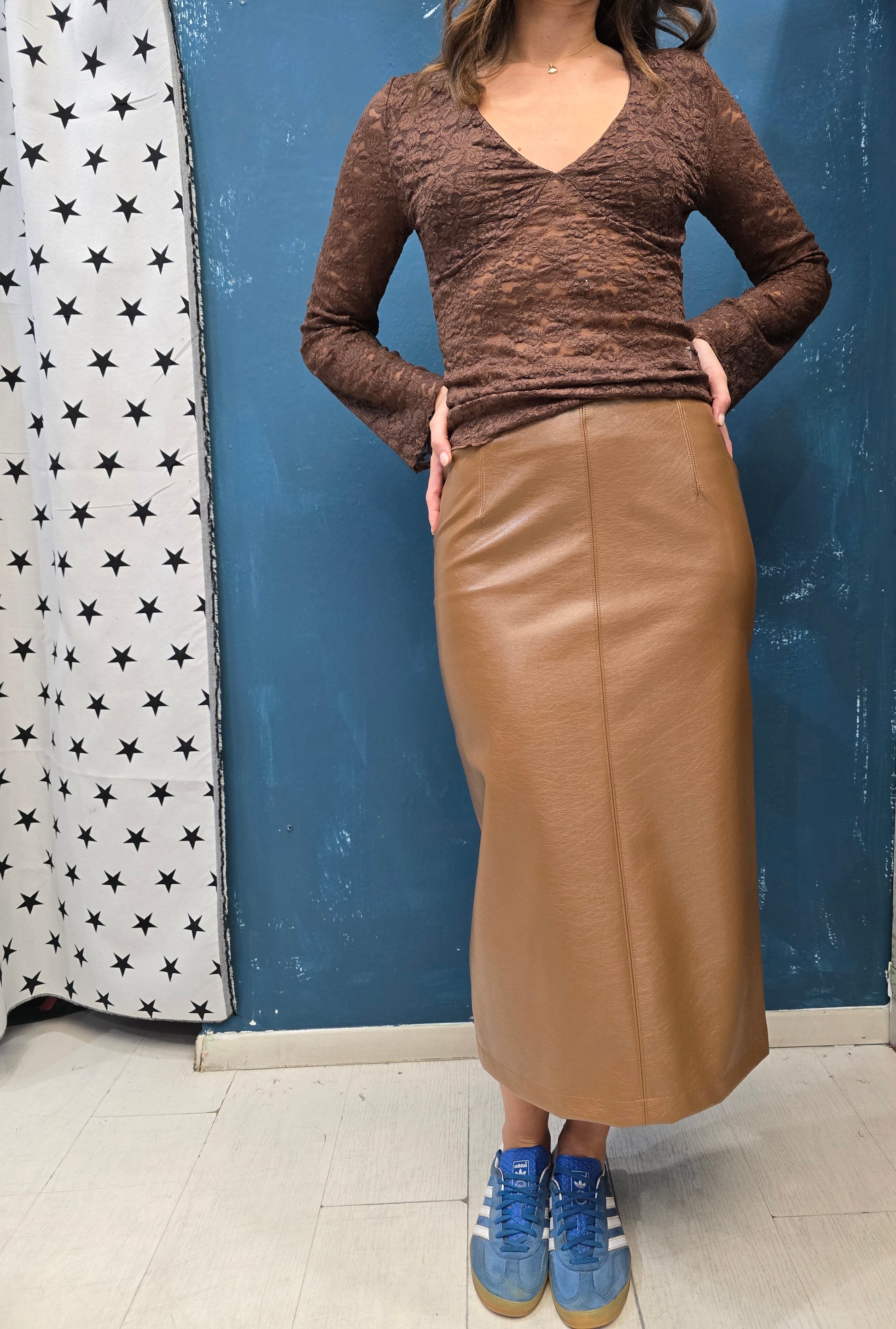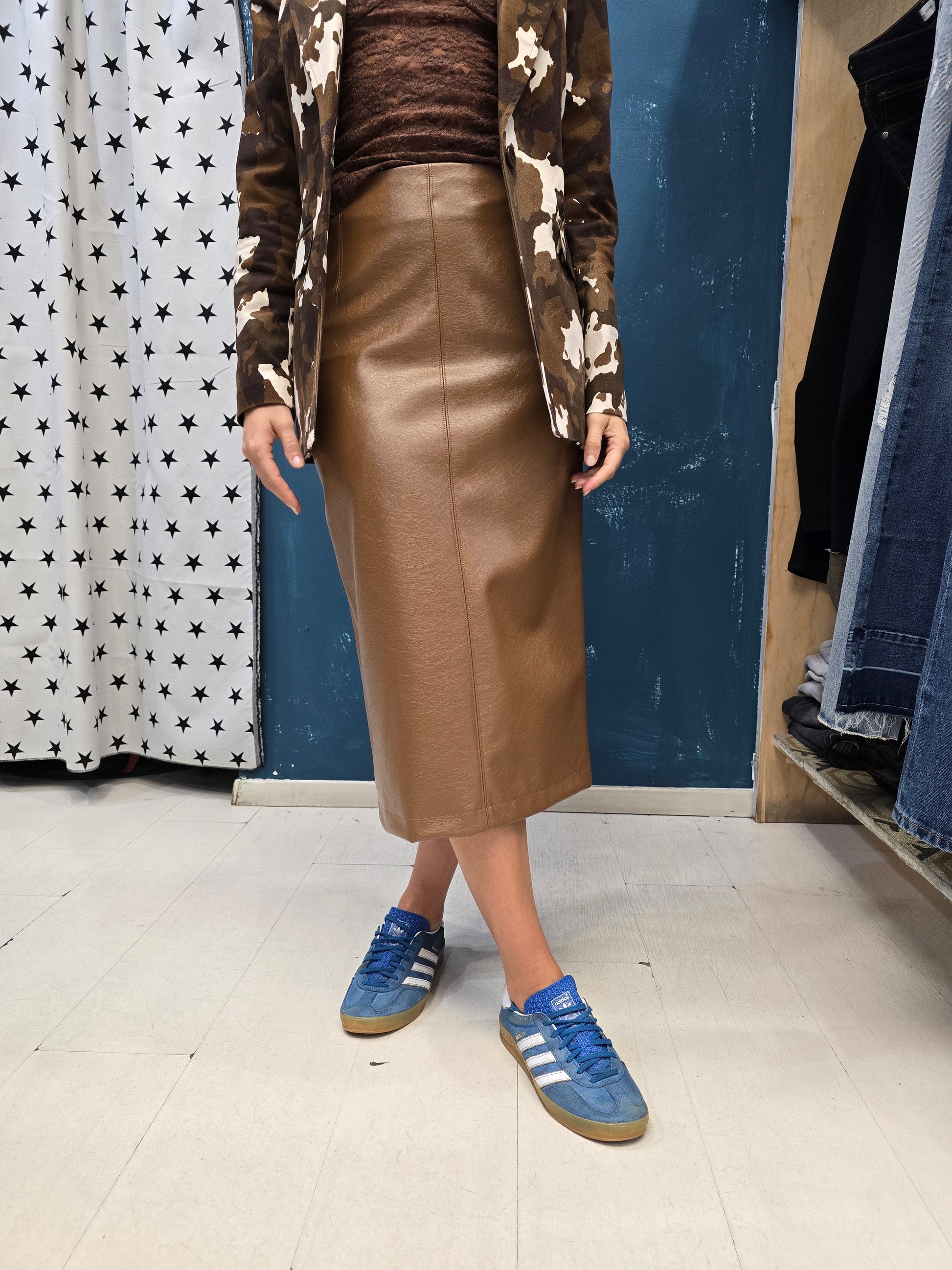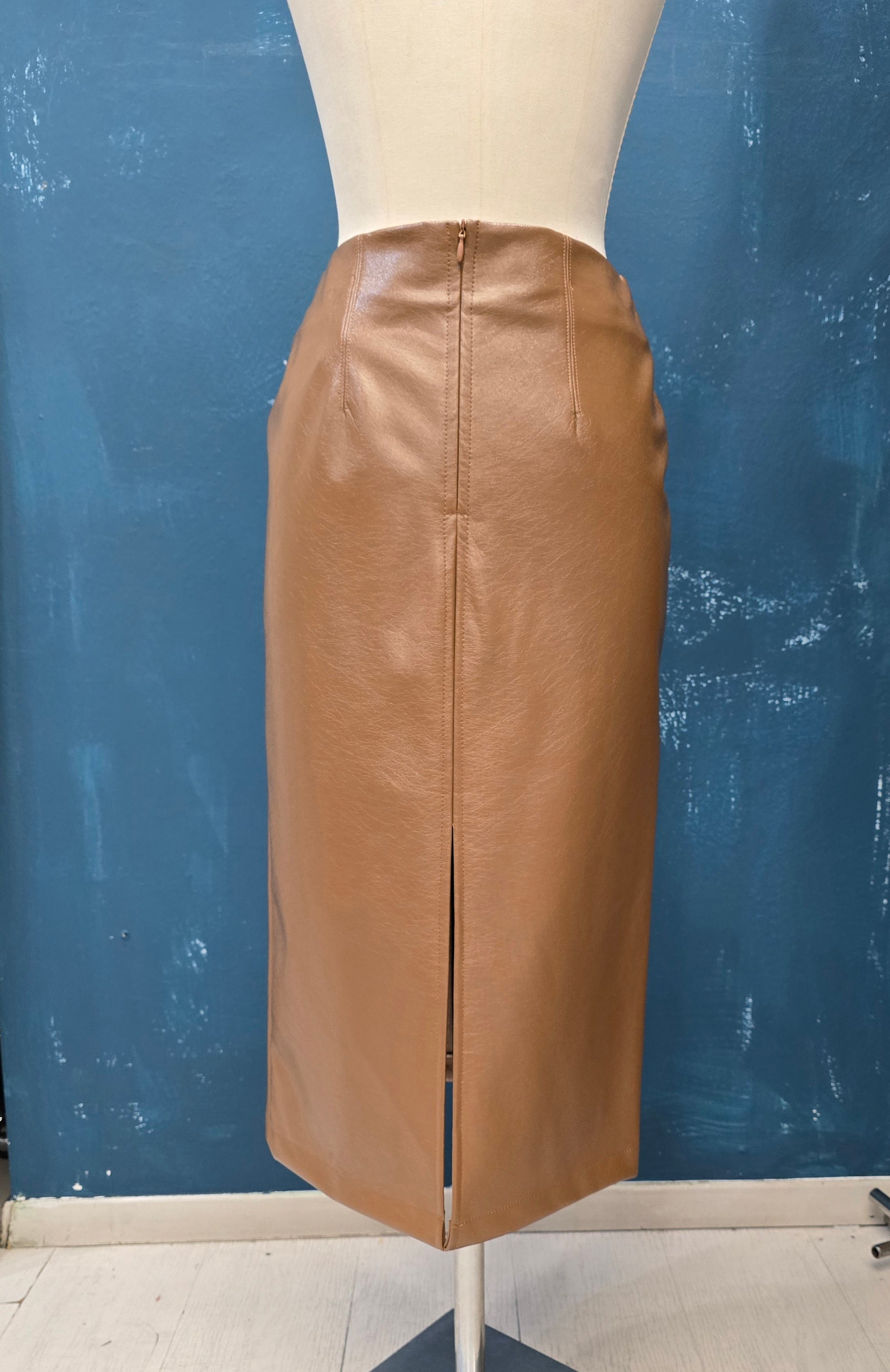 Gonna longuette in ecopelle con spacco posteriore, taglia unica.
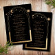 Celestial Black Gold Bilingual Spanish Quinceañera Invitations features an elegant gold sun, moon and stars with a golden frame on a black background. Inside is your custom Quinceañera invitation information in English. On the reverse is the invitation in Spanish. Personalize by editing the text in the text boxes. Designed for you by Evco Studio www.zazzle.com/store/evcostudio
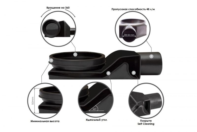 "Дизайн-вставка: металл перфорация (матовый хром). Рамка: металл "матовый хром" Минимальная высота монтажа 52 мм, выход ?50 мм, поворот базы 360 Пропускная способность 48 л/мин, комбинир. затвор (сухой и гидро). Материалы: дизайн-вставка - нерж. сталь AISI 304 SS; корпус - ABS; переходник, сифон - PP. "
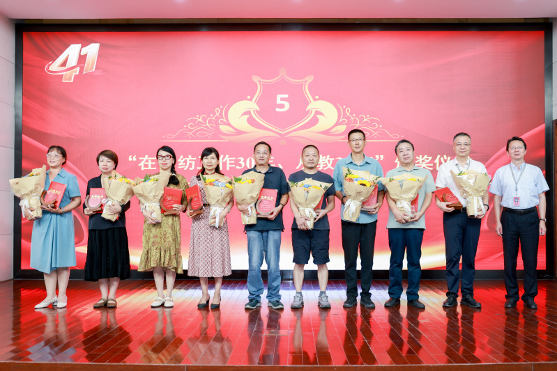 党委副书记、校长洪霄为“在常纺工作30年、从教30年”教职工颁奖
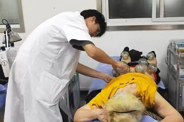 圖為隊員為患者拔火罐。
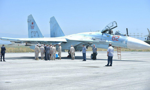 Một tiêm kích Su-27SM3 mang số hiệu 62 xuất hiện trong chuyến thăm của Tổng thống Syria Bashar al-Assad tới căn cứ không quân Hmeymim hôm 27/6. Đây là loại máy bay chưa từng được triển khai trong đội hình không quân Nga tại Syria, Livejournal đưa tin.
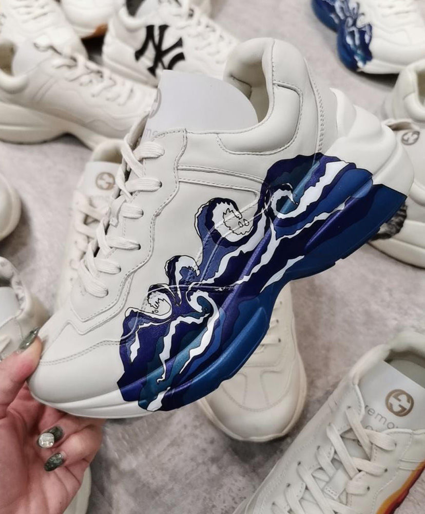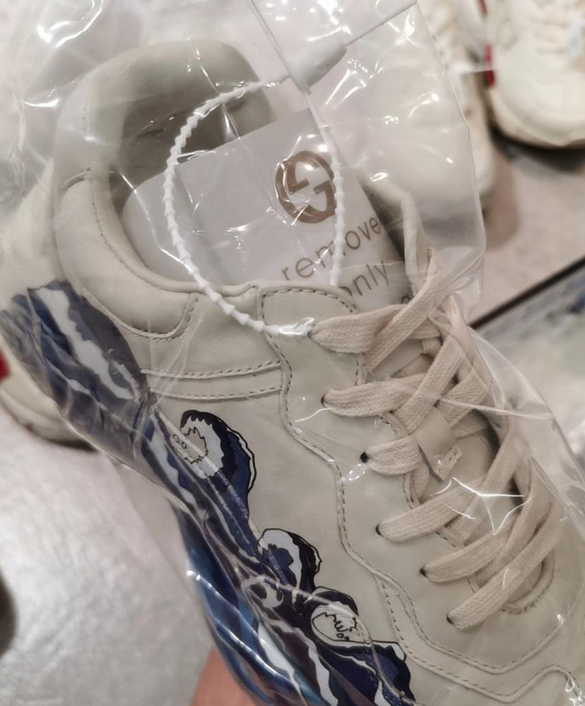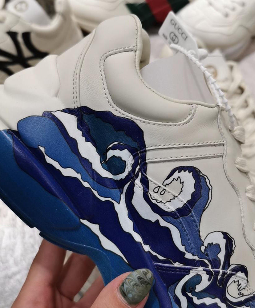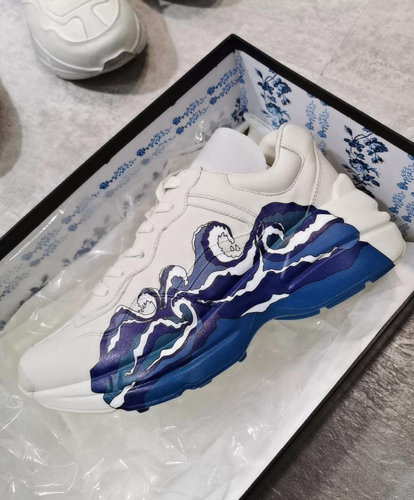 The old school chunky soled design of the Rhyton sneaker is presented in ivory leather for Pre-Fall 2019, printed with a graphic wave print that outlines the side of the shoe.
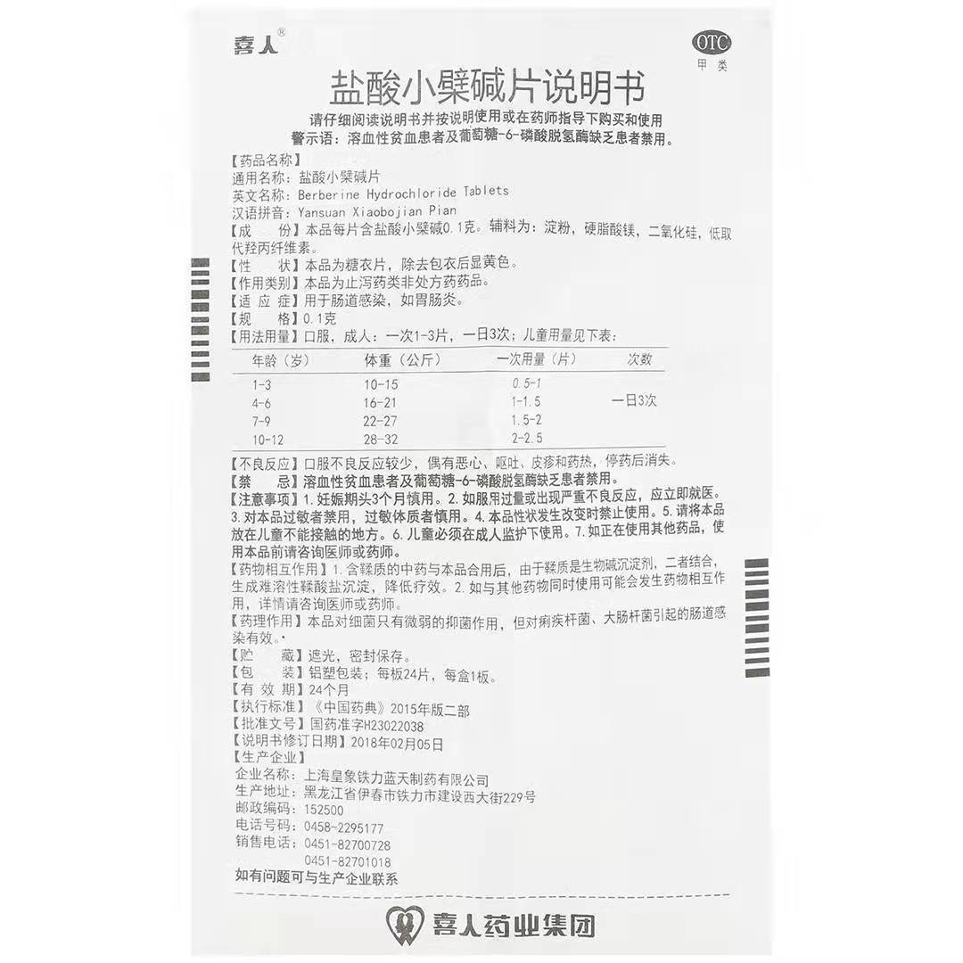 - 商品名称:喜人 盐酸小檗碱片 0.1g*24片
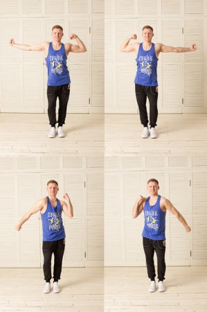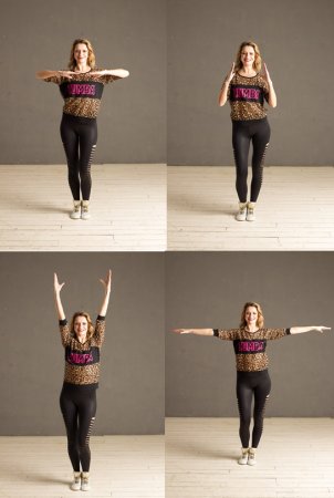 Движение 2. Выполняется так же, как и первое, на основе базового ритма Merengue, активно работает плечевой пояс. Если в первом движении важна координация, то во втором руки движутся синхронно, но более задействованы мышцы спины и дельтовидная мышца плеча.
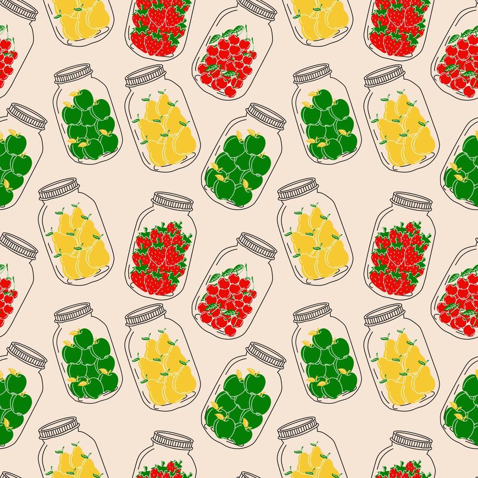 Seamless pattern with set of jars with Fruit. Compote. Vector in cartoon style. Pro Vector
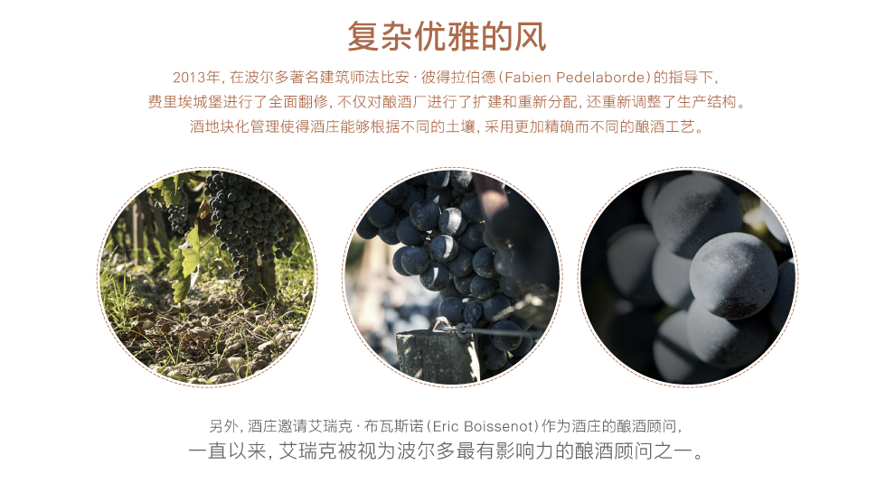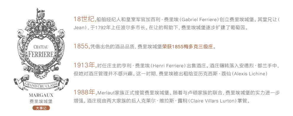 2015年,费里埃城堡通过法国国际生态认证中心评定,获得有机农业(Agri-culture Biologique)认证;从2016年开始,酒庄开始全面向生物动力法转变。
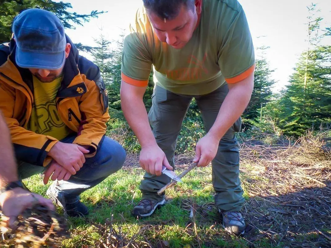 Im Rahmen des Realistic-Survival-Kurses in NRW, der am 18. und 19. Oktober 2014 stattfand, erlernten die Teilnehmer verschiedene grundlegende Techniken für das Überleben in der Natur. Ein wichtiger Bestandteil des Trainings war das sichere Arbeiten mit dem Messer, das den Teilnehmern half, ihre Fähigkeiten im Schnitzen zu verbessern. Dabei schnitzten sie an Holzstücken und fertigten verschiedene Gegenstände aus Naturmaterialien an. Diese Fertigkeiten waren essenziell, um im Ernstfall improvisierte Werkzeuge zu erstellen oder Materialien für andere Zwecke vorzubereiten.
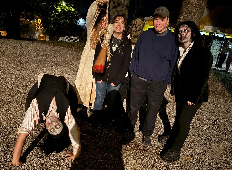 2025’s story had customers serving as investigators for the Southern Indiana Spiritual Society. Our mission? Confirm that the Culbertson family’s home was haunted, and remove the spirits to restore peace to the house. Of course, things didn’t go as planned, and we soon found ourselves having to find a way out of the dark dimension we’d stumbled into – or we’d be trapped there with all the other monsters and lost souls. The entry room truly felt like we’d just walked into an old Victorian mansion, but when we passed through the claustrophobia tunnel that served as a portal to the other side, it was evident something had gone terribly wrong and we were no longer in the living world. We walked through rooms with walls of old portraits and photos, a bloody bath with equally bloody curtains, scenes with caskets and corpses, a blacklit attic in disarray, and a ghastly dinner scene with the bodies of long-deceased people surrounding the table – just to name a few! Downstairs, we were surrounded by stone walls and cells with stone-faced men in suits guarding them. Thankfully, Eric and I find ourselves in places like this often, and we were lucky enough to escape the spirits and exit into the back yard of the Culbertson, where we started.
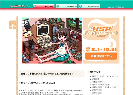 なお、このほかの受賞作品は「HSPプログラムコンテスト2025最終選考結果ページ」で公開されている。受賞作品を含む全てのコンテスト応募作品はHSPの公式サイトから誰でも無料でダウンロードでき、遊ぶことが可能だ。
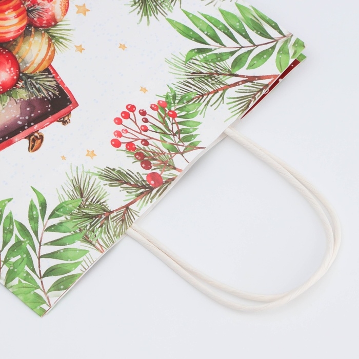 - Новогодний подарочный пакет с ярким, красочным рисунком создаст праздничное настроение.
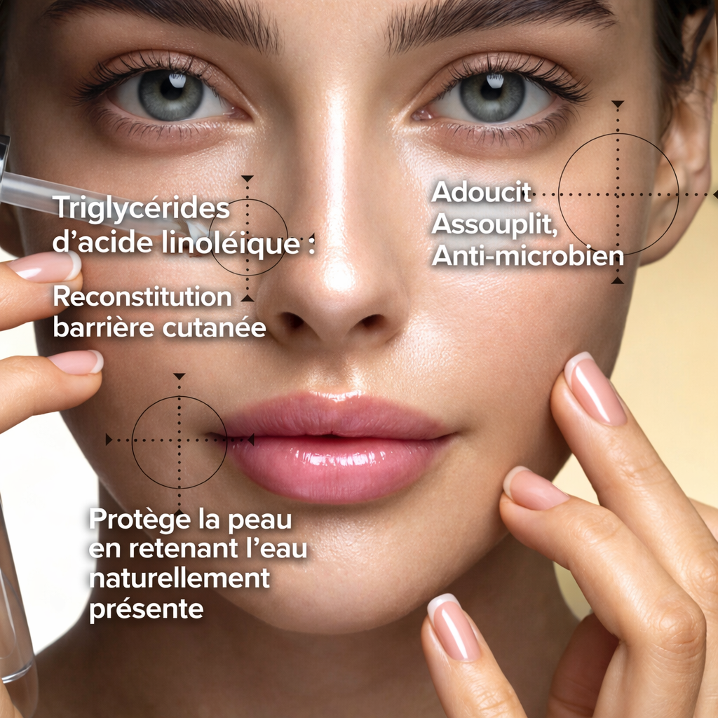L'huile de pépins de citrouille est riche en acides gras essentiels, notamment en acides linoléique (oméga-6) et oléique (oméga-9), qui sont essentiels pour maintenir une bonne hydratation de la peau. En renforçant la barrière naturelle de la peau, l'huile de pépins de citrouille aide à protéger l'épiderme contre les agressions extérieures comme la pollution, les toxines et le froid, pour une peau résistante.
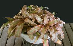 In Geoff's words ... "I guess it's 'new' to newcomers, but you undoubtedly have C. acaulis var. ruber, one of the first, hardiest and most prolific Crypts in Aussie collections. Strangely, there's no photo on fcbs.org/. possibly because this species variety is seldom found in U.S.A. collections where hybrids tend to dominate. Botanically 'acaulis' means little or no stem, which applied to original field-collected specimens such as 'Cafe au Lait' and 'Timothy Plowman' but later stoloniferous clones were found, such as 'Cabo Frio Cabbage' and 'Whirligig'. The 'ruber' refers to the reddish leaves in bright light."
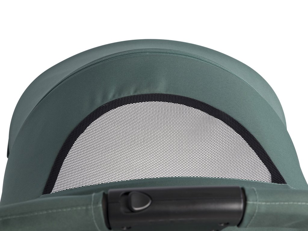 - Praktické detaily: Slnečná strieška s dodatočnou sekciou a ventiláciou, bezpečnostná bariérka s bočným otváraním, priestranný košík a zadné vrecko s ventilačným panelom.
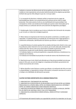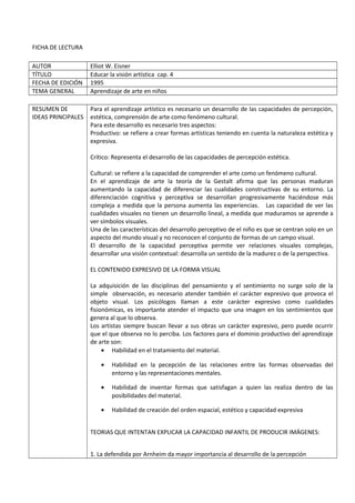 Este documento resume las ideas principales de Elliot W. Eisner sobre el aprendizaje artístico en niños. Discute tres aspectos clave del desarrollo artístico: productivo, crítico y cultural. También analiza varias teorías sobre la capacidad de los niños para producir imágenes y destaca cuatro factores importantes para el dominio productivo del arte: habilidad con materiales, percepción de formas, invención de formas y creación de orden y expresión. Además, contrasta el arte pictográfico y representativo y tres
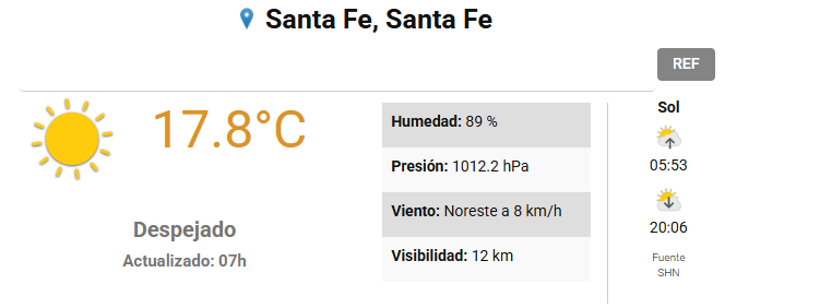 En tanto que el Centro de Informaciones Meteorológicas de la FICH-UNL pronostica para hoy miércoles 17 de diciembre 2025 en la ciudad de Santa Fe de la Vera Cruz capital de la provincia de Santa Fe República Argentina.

•••

Exercise instructions. In the records above, find the line containing "металл перфорация (матовый" and the line containing "2015年,费里埃城堡通过法", then give both of them again word for word along with every line between. Omit any pictures.

Solution for this task.
 "Дизайн-вставка: металл перфорация (матовый хром). Рамка: металл "матовый хром" Минимальная высота монтажа 52 мм, выход ?50 мм, поворот базы 360 Пропускная способность 48 л/мин, комбинир. затвор (сухой и гидро). Материалы: дизайн-вставка - нерж. сталь AISI 304 SS; корпус - ABS; переходник, сифон - PP. "
 党委副书记、校长洪霄为“在常纺工作30年、从教30年”教职工颁奖
 圖為隊員為患者拔火罐。
 Một tiêm kích Su-27SM3 mang số hiệu 62 xuất hiện trong chuyến thăm của Tổng thống Syria Bashar al-Assad tới căn cứ không quân Hmeymim hôm 27/6. Đây là loại máy bay chưa từng được triển khai trong đội hình không quân Nga tại Syria, Livejournal đưa tin.
 The old school chunky soled design of the Rhyton sneaker is presented in ivory leather for Pre-Fall 2019, printed with a graphic wave print that outlines the side of the shoe.
 - 商品名称:喜人 盐酸小檗碱片 0.1g*24片
 Движение 2. Выполняется так же, как и первое, на основе базового ритма Merengue, активно работает плечевой пояс. Если в первом движении важна координация, то во втором руки движутся синхронно, но более задействованы мышцы спины и дельтовидная мышца плеча.
 Seamless pattern with set of jars with Fruit. Compote. Vector in cartoon style. Pro Vector
 2015年,费里埃城堡通过法国国际生态认证中心评定,获得有机农业(Agri-culture Biologique)认证;从2016年开始,酒庄开始全面向生物动力法转变。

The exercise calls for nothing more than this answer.